Friday, October 11, 2013

*The Bargain*

  The Bargain

"Gritty" "Authentic" and "Can't wait for the next volume!" are not words I have ever used to describe an Amish novel.
There are two explanations for this phenomena: One is that I came up with that when I wasn't around, the other is that I just met an extraordinary book whose heroine happens to wear a bonnet.
It is the latter. The Bargain, book one in The Plain City Peace series is now a serious competitor for my Favorite Fall Read of 2013.


Our leading lady, Amish girl Betsie, views the upheaval of the American 1970's with wise-beyond-her-years eyes.

She is the perfect protagonist for us to examine the big themes through her perspective, and her religion set in contrast with what appeared to be an "anything goes" 70's culture, raises a ton of questions.

In the middle of Amish morality, carefully maintained and set down as the community's laws, Betsie's parents have become Christians.
They now know the One who died for them, who set them free from trying to keep a set of laws that cannot save them. They now follow the Lord who set them free instead to live in purity and grace out of Love, because of Love.
Betsie cannot understand why they would make this terrible mistake and leave the religion they were raised in. And Betsie and Sadie, her sister, will not follow their mother and father out into the world of the English... not to stay.

Betsie's time with the English is going to be strictly business, living with an English family so that she can temporarily take her cousin Nelson's place as their harness shop apprentice. She will keep her distance from the family members and will not, according to Amish tradition, even speak to customers by herself. Instead she will diligently fill a notebook with all that Nelson needs to know, and hope that he can come back soon and take his rightful place.
{See that notebook she's clutching in the cover illustration? That's the one!}
But Betsie never thought that she would walk into the Sullivan home and they would turn out to be people, with their own struggles and fears and with their own longings for family.

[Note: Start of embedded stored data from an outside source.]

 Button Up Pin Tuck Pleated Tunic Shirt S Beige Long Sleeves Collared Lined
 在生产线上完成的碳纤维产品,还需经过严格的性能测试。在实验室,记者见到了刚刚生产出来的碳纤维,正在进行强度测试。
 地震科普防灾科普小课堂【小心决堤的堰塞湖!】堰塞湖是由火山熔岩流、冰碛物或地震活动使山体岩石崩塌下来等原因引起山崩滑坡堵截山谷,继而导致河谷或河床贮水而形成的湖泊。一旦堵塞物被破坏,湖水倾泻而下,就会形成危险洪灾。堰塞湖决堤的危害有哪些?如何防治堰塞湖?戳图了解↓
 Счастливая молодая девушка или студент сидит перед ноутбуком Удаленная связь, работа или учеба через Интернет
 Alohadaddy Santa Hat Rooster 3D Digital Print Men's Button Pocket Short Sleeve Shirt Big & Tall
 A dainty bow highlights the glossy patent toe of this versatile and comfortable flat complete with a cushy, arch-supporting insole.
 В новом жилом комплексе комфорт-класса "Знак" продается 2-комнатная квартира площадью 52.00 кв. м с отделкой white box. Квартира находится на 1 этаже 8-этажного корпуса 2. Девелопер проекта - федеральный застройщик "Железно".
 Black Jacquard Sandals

You will be delighted as Betsie meets Sheila, the daughter. Suddenly Betsie has a cheerful little girl befriending her, a girl who wants to be involved in the wholesome work and pleasures like helping to wash dishes and make cookies.

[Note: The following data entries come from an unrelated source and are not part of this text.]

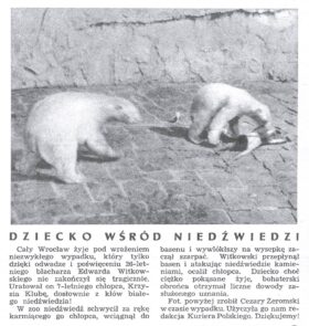 Krzyś wpadł do fosy i momentalnie poszedł na dno. Jeden z niedźwiedzi zanurkował i okaleczonego malca wyciągnął na brzeg. Ciągnięty na środek wybiegu chłopiec krzyczał, by po chwili jedynie płakać. Wśród widzów i świadków był milicjant, który sięgnął po broń i wymierzył w niedźwiedzia. Nie dał jednak rady oddać strzału, bojąc się zranić dziecko lub rozjuszyć któregoś z niedźwiedzi. Przy wybiegu pojawił się Edward Witkowski (mieszkaniec Wrocławia) w tym dniu zwiedzający ZOO. Szedł na Stadion Olimpijski na żużel i przypadkiem znalazł się koło całego wydarzenia. Zaczął rzucać celnie kamieniami i udało mu się odwrócić na tyle uwagę niedźwiedzi, że te puściły rannego chłopca. Z węża ogrodniczego leżącego na pobliskim trawniku, przy pomocy pozostałych uczestników zajścia szybko związał linę po której opuścił się na wybieg. W tym samym czasie milicjant wsparty o ogrodzenie mierzył z pistoletu do zwierząt.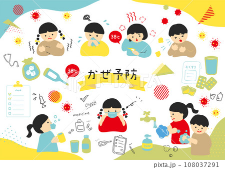 疾病插圖集線圖簡單圖示過敏病毒宿醉發燒概況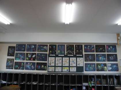 指を使ってクラゲをかいたり、パスを使って海の生き物をかいたりしました。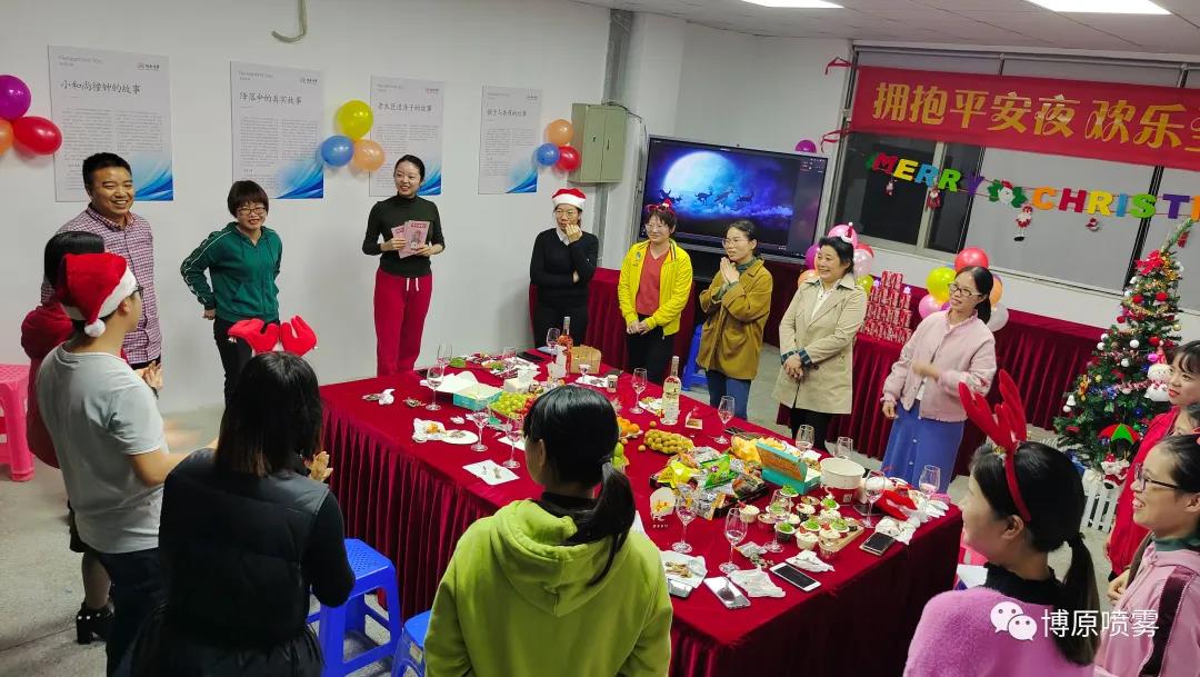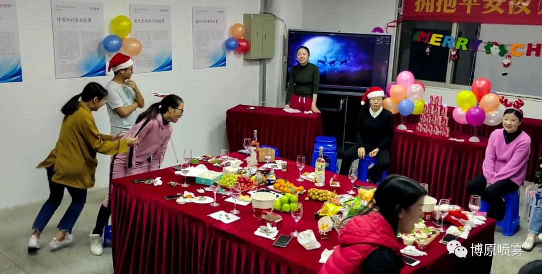 12月24日晚,歡笑聲、音樂(lè)聲、充滿了整個(gè)博原噴霧廠區(qū)。為豐富員工的文化生活,營(yíng)造良好的圣誕節(jié)日氛圍,促進(jìn)員工之間的溝通和交流,公司組織開(kāi)展了2020年圣誕節(jié)狂歡Party。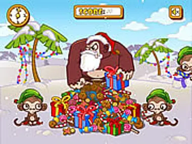 Steal presents from the gorillas pile without being caught. Only take candy when he's not looking.

And she meets the owner of that yellow Super Bee car you see on the cover. Michael.
I found myself really liking this kid.
He's comical one moment and dead serious the next.
A wounded rebel, Michael wants to stand for something in a world that is falling for everything. He is the epitome of a young man trying to find himself, set adrift in a sea of philosophies that the world is offering him, unsure where the Northern star of absolute truth has gone.
He's a poet inside and a cynic to the world.
Ravi Zacharias would love to meet this young man.
Michael reminds me of this quote from Mr. Zacharias:

“In the 1950s kids lost their innocence.
They were liberated from their parents by well-paying jobs, cars, and lyrics in music that gave rise to a new term ---the generation gap.

In the 1960s, kids lost their authority.
It was a decade of protest---church, state, and parents were all called into question and found wanting. Their authority was rejected, yet nothing ever replaced it.

In the 1970s, kids lost their love. It was the decade of me-ism dominated by hyphenated words beginning with self.
Self-image, Self-esteem, Self-assertion....It made for a lonely world. Kids learned everything there was to know about sex and forgot everything there was to know about love, and no one had the nerve to tell them there was a difference." 

That is Michael. A young man the Lord can mightily use, Michael just needs to be introduced to Jesus. 

Oh, how I am waiting for the sequel! Hurry, Please!
Thank you Litfuse for this book!

Image of Stephanie Reed




Stephanie Reed lives on the outskirts of Plain City, Ohio, site of a once-thriving Amish community. She gleans ideas for her novels from signs glimpsed along the byways of Ohio, as she did for her previous books, Across the Wide River and The Light Across the River.